Sunday, 11 December
Today I am up at 6am, preparing for a day on the lagoon. Seven people are going out for a day of fishing. We will be taking two boats of which I will pilot one, as part of my on-the-water training experience. We are underway by 7:30, the day is starting out promising, with calm waters and light clouds. Our destination is “rouge alley”, a branch of N’Dogo lagoon near Sette Cama consisting of islands and peninsulas overhanging with jungle vegetation, waters especially abundant with carpe rouge, a fish more similar to bass than carp. We arrive within the hour with a plan to troll around the islands and along the overgrown peninsulas, pulling lures as close to shore as water depth will allow. Averaging 1 to 2 metres of fishing depth, we dodge the numerous submerged and overhanging trees and hanging root-stalks of the mangroves. The first hour passes without luck as we each try lures of different colors in hopes of finding success. Soon after, a rouge is landed on a blue and silver lure, and blue becomes the dominant lure-color of our success today. We have great views of the forest edging the water.
Clusters of pandanus with heavy, pineapple-looking fruits sprout from stilted rootstalks, their crowns dripping with serrated sword-shaped leaves. Graceful climbing palms ascend into the canopy on slender stems. The large leaves of this palm, divided into many leaflets, end in a long cirrus, an extension of the leaf lined with serrated hooks that grip into surrounding vegetation, allowing the stem, which cannot support itself, to climb towards the canopy. I learned last week that this palm is a dangerous plant to pass under, as the hooked leaves will tear into flesh and clothing with painful tenacity and require careful removal to minimize injury.

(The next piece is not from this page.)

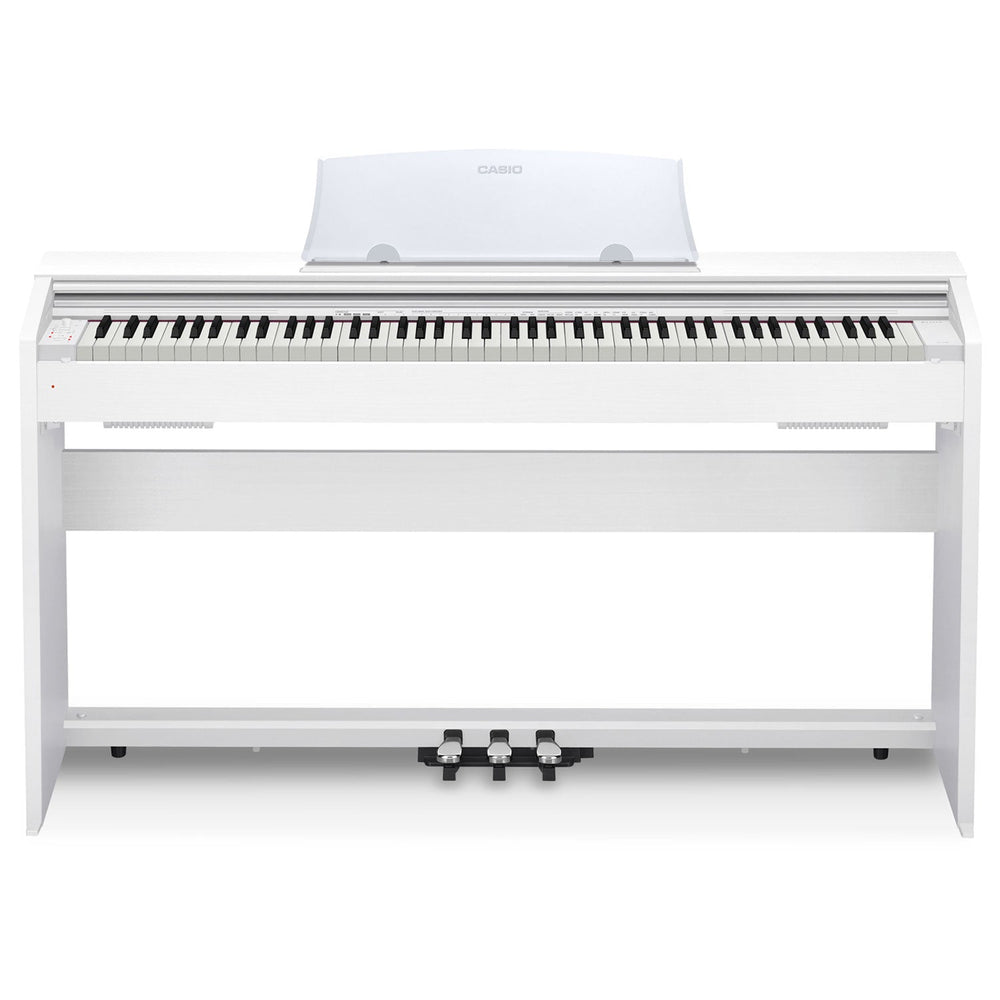 Introducing the Casio Privia PX-770 digital pianoThe PX-770 offers an excellent specification for its price, with a realistic piano sound and authentic key touch that is certainly the best at its price point. It shares the same Tri Sensor Scaled Hammer Action II keyboard with the more expensive Celviano and Privia instruments along with the same AiR sound engine so there is no compromise on playability, and its slimline and simplistic cabinet makes it an ideal choice for those with limited space and budget.It is compatible with Casio's new Chordana tuition app to make learning fun, along with the built-in Concert Play songs to learn, making it attractive to the beginner pianist while the action and sound quality will satisfy those somewhat more advanced.Available in a black high quality cabinet, an integrated stand, keyboard cover and 3 pedal system, the PX-750 will look good in any room. The all new Tri-Sensor Scaled Hammer Action Keyboard II, and the extraordinary quality of the new Multi-Dimensional Morphing AiR Sounds Source ensure a piano experience that is truly stunning. With its new concert play feature, you can play along with an orchestra on 10 well known orchestral pieces.Multidimensional Morphing AiR Sound SourceThe characteristics of Casio’s newly developed Multidimensional Morphing AiR* Sound Source reflect thorough attention to detail in expressing the rich, resonating tones inherent to the piano. The capacity of the installed memory has been expanded to achieve a longer sampling duration and enhanced waveform data quality. The temporal changes in tone that create sound you would expect only from a piano, beginning with the initial sound and leading into a beautiful extension until the sound eventually vanishes, are reproduced naturally.* AiR = Acoustic and Intelligent ResonatorTri-sensor Scaled Hammer Action Keyboard IIThe difference between the sound structures of a grand piano and a digital piano appears as a difference in timing, from the moment the instrument is played until the sound is audible. The new tri-sensor Scaled Hammer Action Keyboard II responds by incorporating a system with three sensors that detect touches of the keys sequentially.The simulated ebony and ivory keys offers the luxurious feel and texture as well as the smooth touch of a grand piano keyboard. The minutely detailed crimp surface finish inhibits finger slippage due to sweat and gives the sensation of a perfect fingertip fit, even when playing for extended periods.An improved sound engine with a new improved European grand piano sound, Available in either satin black or satin white finishes, Chordana tuition system app for iOS and Android devices, Great value and ideal for the aspiring pianist, Mid-range Casio Privia slimline digital piano with incorporated stand and 3 pedal unit, Realistic feeling ebony and ivory feel keyboard, fully weighted and graded

Other trees extend out over the water’s edge, creating pockets of mysterious shadow along the banks, their branches supporting the occasional monitor lizard that slips into the dark waters as we pass. Another monitor lizard, sunning itself on a partially submerged deadfall, is reluctant to leave its perch in the warm sun, and we approach within a few metres before it clambers into the water to swim lazily toward cover. The forest echoes with birdcalls, and we hear the loud croaking call of a great blue turaco, then see the fowl-sized bird high in the canopy, gliding between trees and scampering among branches. Pockets of cicaedas scream their ear-piercing alarm-buzz from the understory as we troll past, an understory of a thousand shades of green, popping through the hazy sunshine to mute into the depth of forest shadow. Circling back to familiar waters, we take a moment to organize rods and tackle, and suddenly alongside the boat is a tremendous swell and rush of water, indicating something of substantial size has approached the water’s surface alongside the boat, then retreated. A mystery to everyone on board, we wonder if perhaps a hippo, or some monstrous fish, or even a crocodile…
Returning through a narrow channel between islands, we cut power to let a herd of approximately 25 red river hogs, le Potamochére, swim by with snouts high in the air, dog-paddling with determined but feeble efforts toward adjacent shore.
A half-dozen piglets have difficulty swimming a straight line. Likely their first time in the water, the tiny piglets bob and turn in the water as we approach, their striped and spotted bodies the last to find shore. They struggle through the shore vegetation and rush, squealing, in search of family.
By 1:30pm, we have ten rouge in the coolbox, and pack away fishing equipment for the hour-long return to Shell jetty. A cooling breeze has picked up and there is a chop on the water as we cross the expanse of N’Dogo lagoon.